Но письма 1880 года - для другой повести. А что прежние его грусть и неудовлетворенность неподдельны, как было неподдельным в нем все, засвидетельствовано даже в поэтической форме.

Правда, нам не досталась тетрадь таинственного поэта, скрывавшегося под криптонимом "ВОЛВАП", чьи стихи по мере возникновения читались членам "компании братьев". Но в Ленинградском архиве Академии наук среди конспектов немецких физиологических статей, которые Иван Петрович отштудировал в начале 1877 года, и протоколов экспериментов, которые он тогда ставил под эгидою профессора Устимовича, очутился листок с переводами стихов Гейне и Гёте.
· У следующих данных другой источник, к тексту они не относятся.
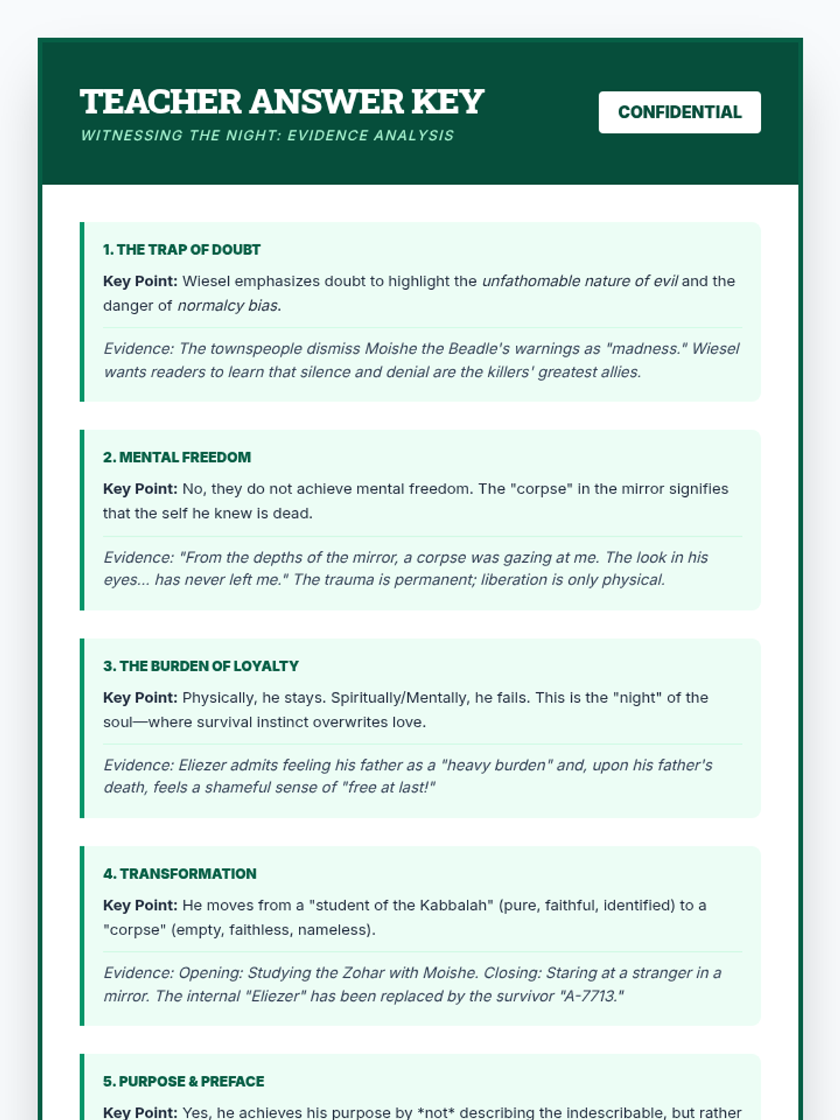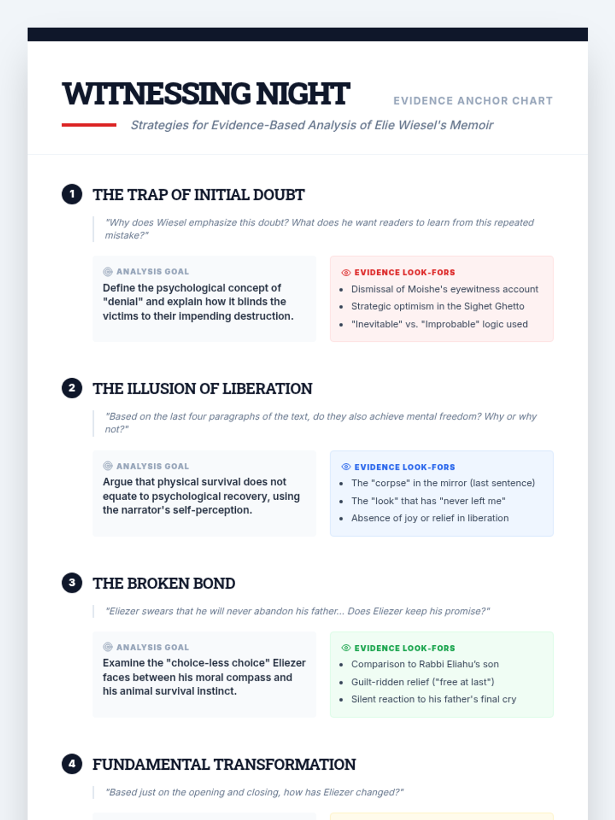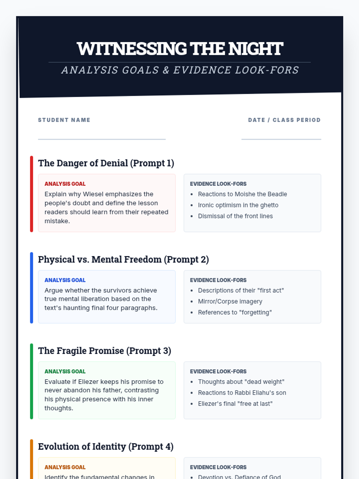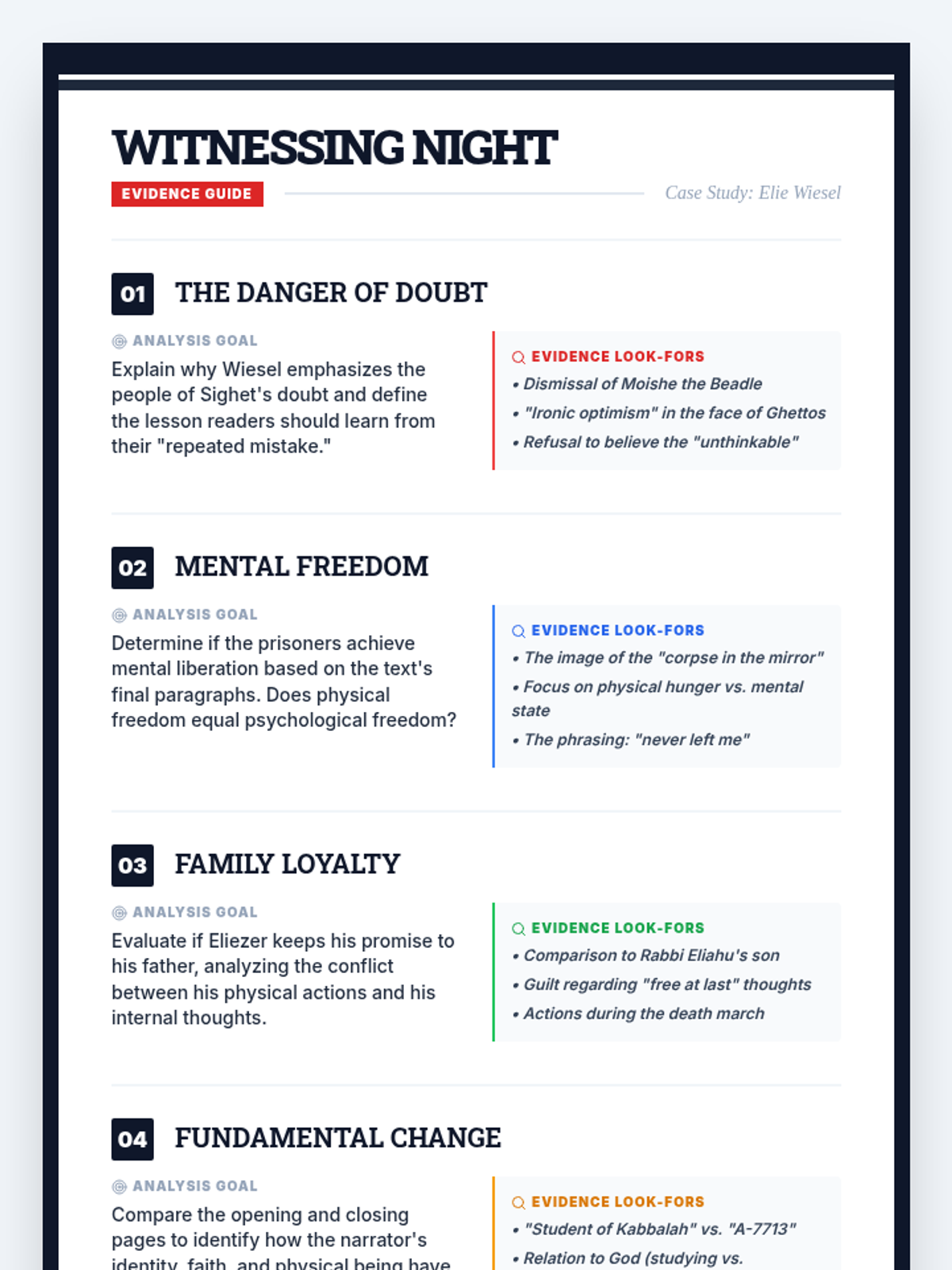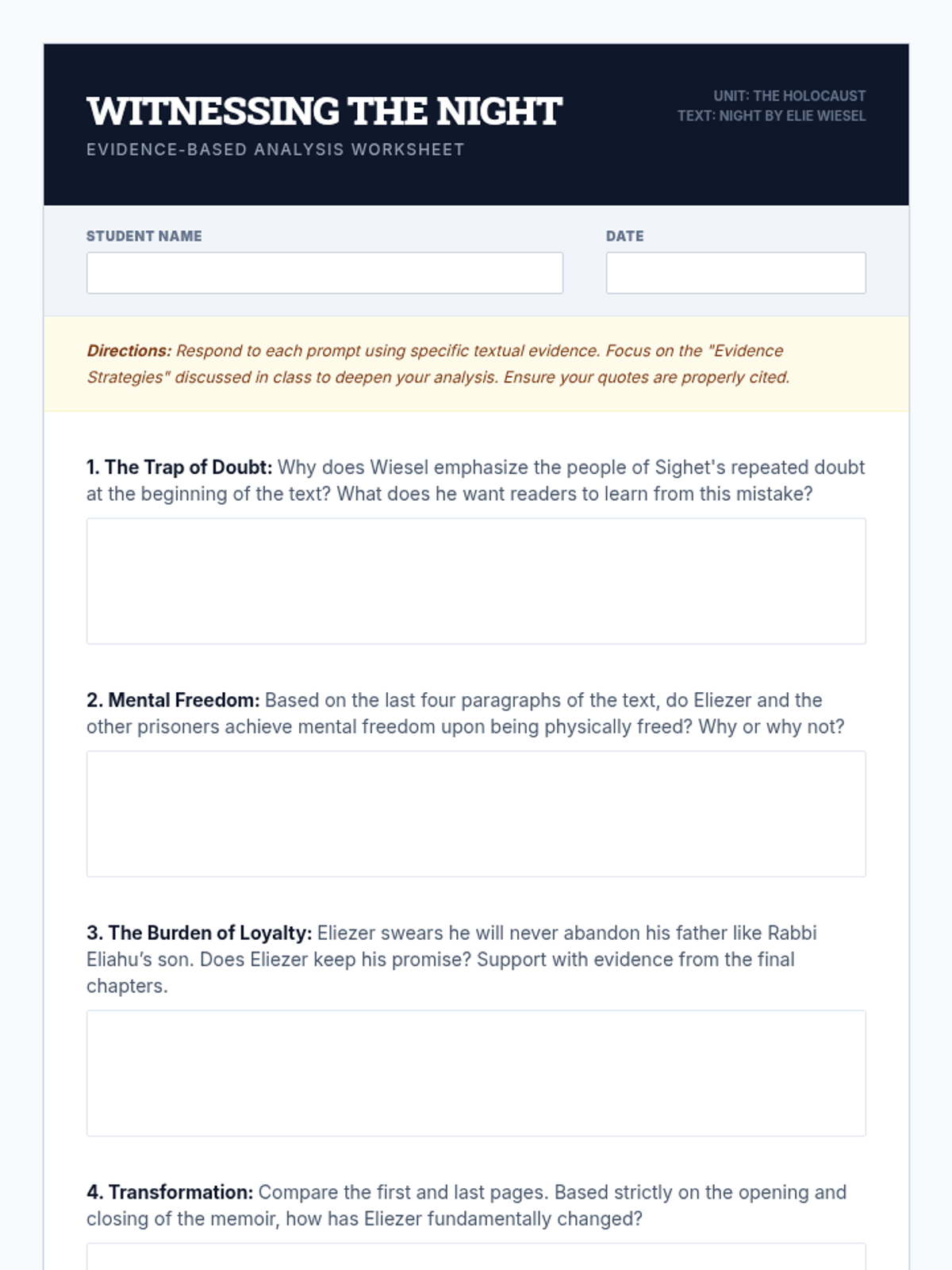 This lesson explores Elie Wiesel's Night, focusing on evidence-based analysis of key themes including transformation, faith, and the psychological impact of the Holocaust.
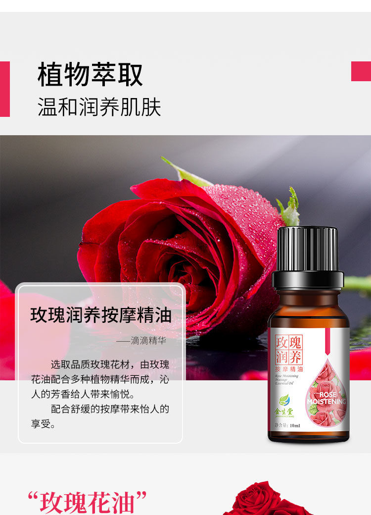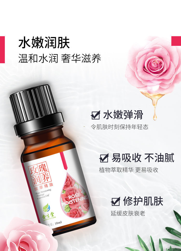正品玫瑰精油10ml通经络小瓶香薰按摩精油美容院成人便携保养滋润

И перевод гейневского "Ein Fichtenbaum" оказался не только подписан - даже не криптонимом, а инициалами "Ив. П.", - но и помечен точной датой "1877, февраля 2-го", какие ставят, помечая еще и события душевные (под другими стихами даты нет!).

Такая находка - дело серьезное. Гейневский "Ein Fichtenbaum" переводили многие русские поэты, начиная с Лермонтова и Тютчева, Фета и Майкова, - знатокам Гейне известно семнадцать переводов. И когда перевод, подписанный "Ив. П.", был им представлен, оказалось, что он им незнаком, что он оригинален.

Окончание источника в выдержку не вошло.